Pseudocode for the Simulated Annealing Algorithm (can be used for both standard or combinatorial optimization problems):

  1. Select an initial state x0 at random and evaluate the energy u(x0).
  2. Select x1, the next state at random and evaluate the energyu(x1).
  3. Accept the change if the cost function is decreased
  4. Otherwise, accept the change with a probability [math]\displaystyle{ p = e^{\frac{-\Delta E}{kT}} }[/math]
  5. Decrease T according to the cooling schedule
  6. Repeat steps 2 - 5 until we reach the desired number of time steps

Genetic/Evolutionary Algorithms

This method is only for combinatorial problems and was inspired by genetics. Evolutionary algorithms are generally faster and get around some of the problems found in simulated annealing. Instead of minimizing an energy function, we maximize a "fitness" when we use evolutionary algorithms.

We first define our function u in state space with a discrete set of solutions.

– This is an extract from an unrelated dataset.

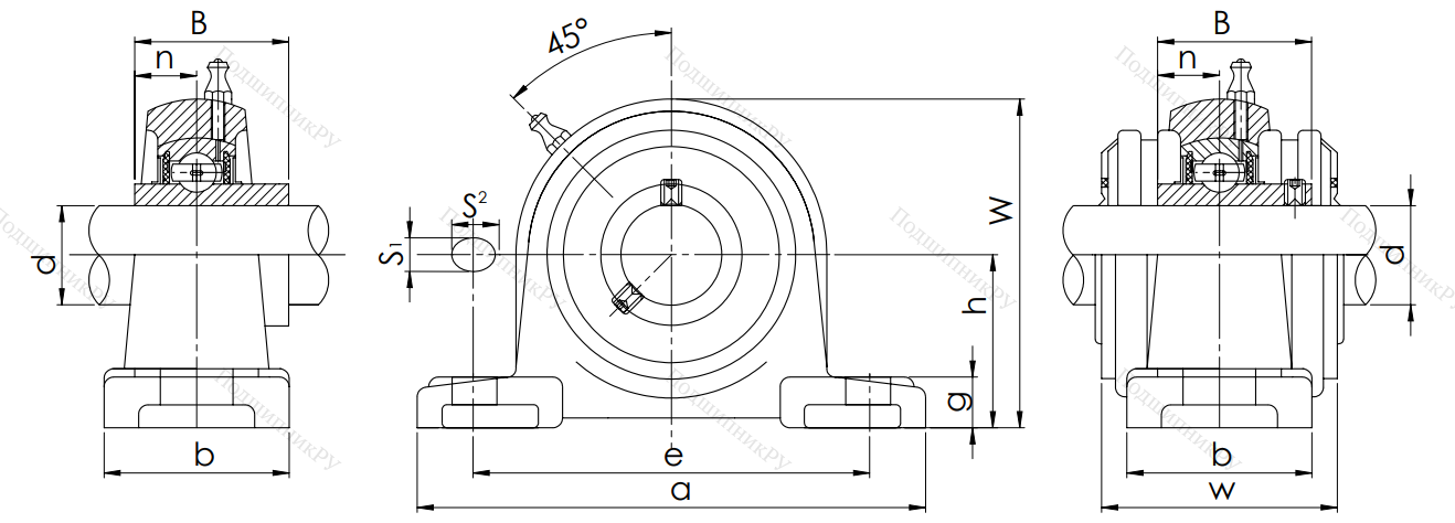 В конструкцию детали входит корпусный подшипник типа UC, установленный в корпус типа Р из чугуна с нишей сферической формы. Монтаж на вал осуществляется посредству кольца, оснащенного парой штифтов, закручиваемых шестигранником, что обеспечивает самовыравнивание.
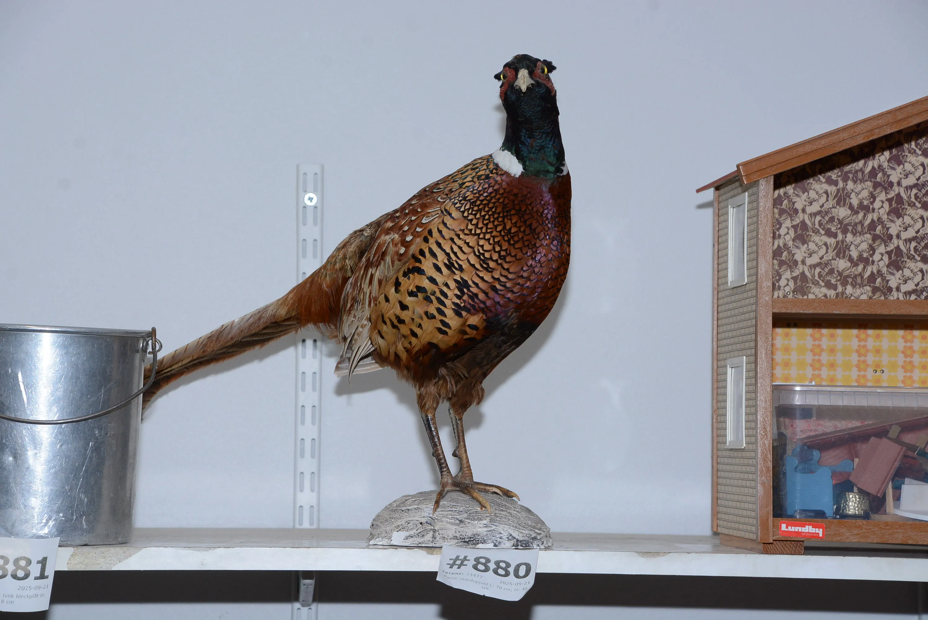 880. Fasan uppstoppad L: 70 cm, H: 40 cm

  1. Start out with a population of randomly generated solutions (initial guesses) of size P
  2. Reproduction - take random pairs of parents and create their offspring (generating a total of P + P/2 solutions)
  3. Mutation & Crossover - Mutate each solution with a given probability and perform crossovers also with a given probability (where entire portions of the solution get moved to a different position)
  4. Rank the population according to their energy u(x)
  5. Kill off the bottom P/2 to optimize u(x) leaving again a population of size P.
  6. Repeat from the reproduction step until we've achieved the number of time steps that are desired.